*** DATA FOR THE TASK ***

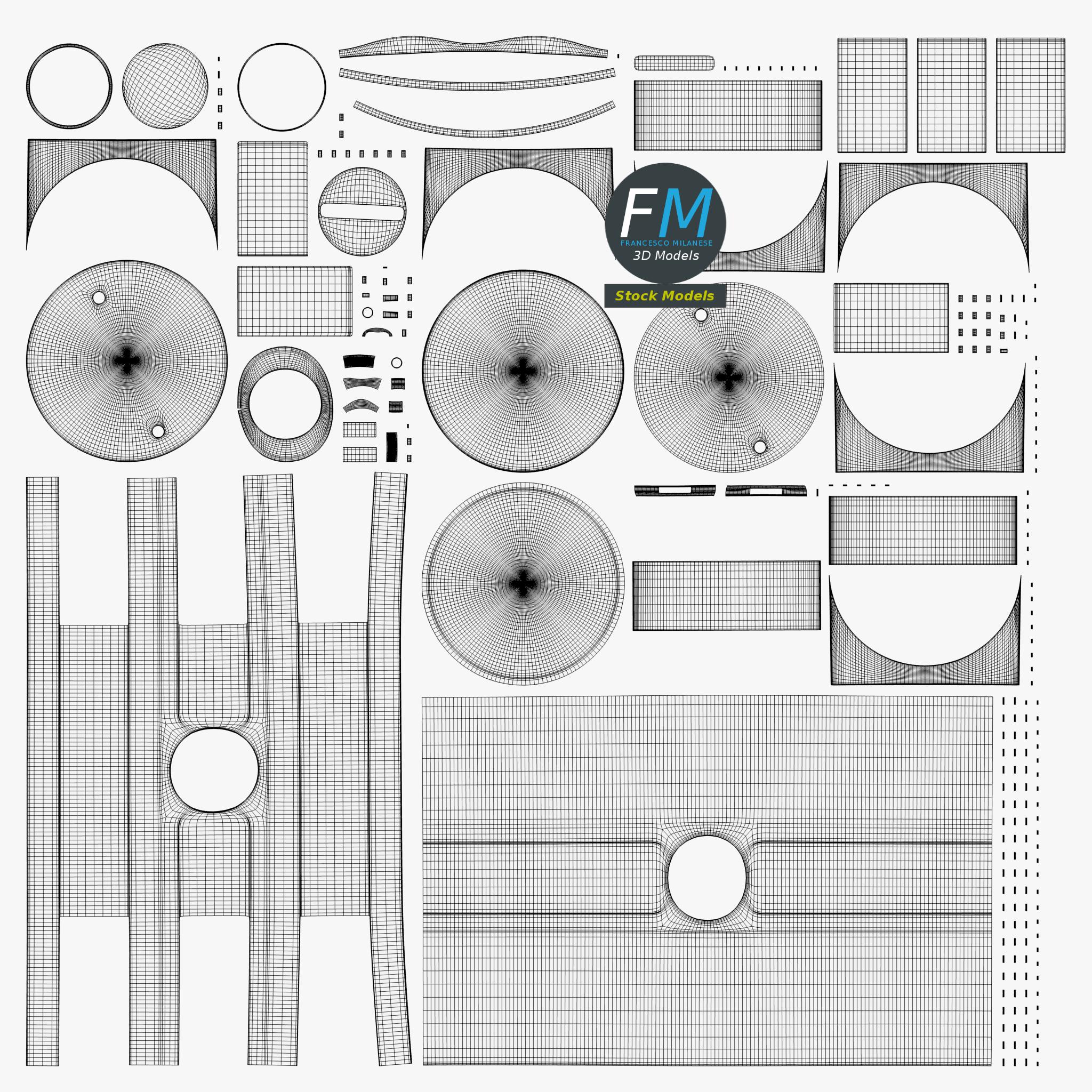 Easily customizable: UV unwrapped geometries, so you can create new Textures (or modify the existing ones) using the UV Layout maps provided in the package (as png with alpha).
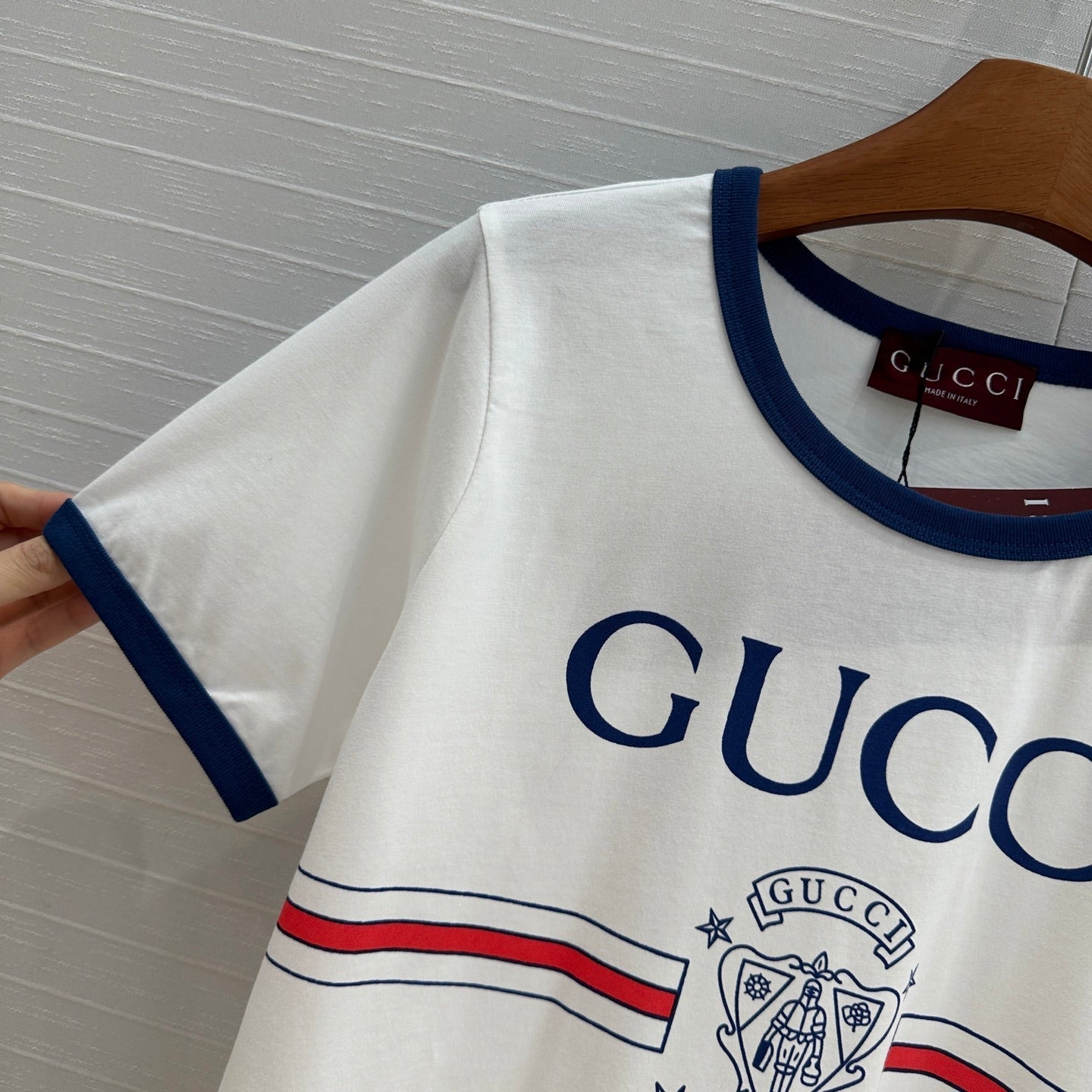 Gucci 25 Blue Letter Short-sleeved T-shirt White Cotton
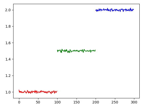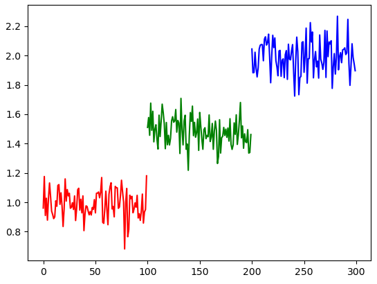 plt.plot(np.arange(100) + i * 100, data[i], color=col[i]) # 그래프
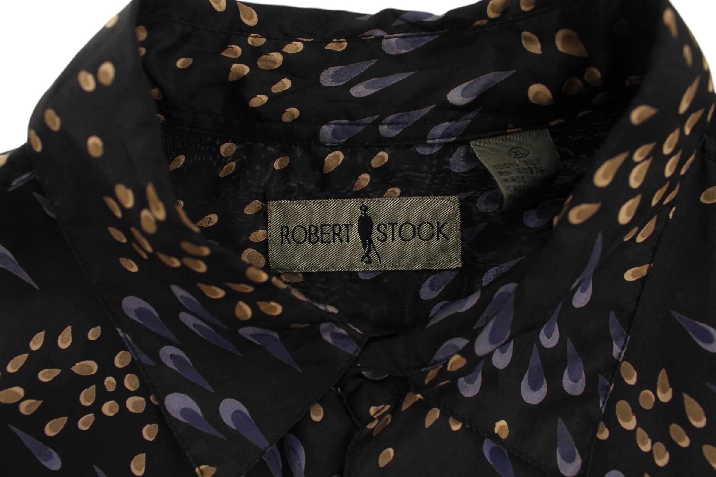 【OTSU】1990's "ROBERT STOCK" 100% silk art pattern dress shirt -12741-
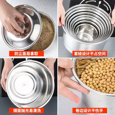 Stainless steel basin household oil basin with lid round seasoning tank beating egg and basin bowl male kitchen seasoning taste Cup

*** End of DATA FOR THE TASK ***

Repeat every record above exactly. The pictures do not belong in the copy.

RESPONSE TO THE TASK.
 Easily customizable: UV unwrapped geometries, so you can create new Textures (or modify the existing ones) using the UV Layout maps provided in the package (as png with alpha).
 Gucci 25 Blue Letter Short-sleeved T-shirt White Cotton
 plt.plot(np.arange(100) + i * 100, data[i], color=col[i]) # 그래프
 【OTSU】1990's "ROBERT STOCK" 100% silk art pattern dress shirt -12741-
 Stainless steel basin household oil basin with lid round seasoning tank beating egg and basin bowl male kitchen seasoning taste Cup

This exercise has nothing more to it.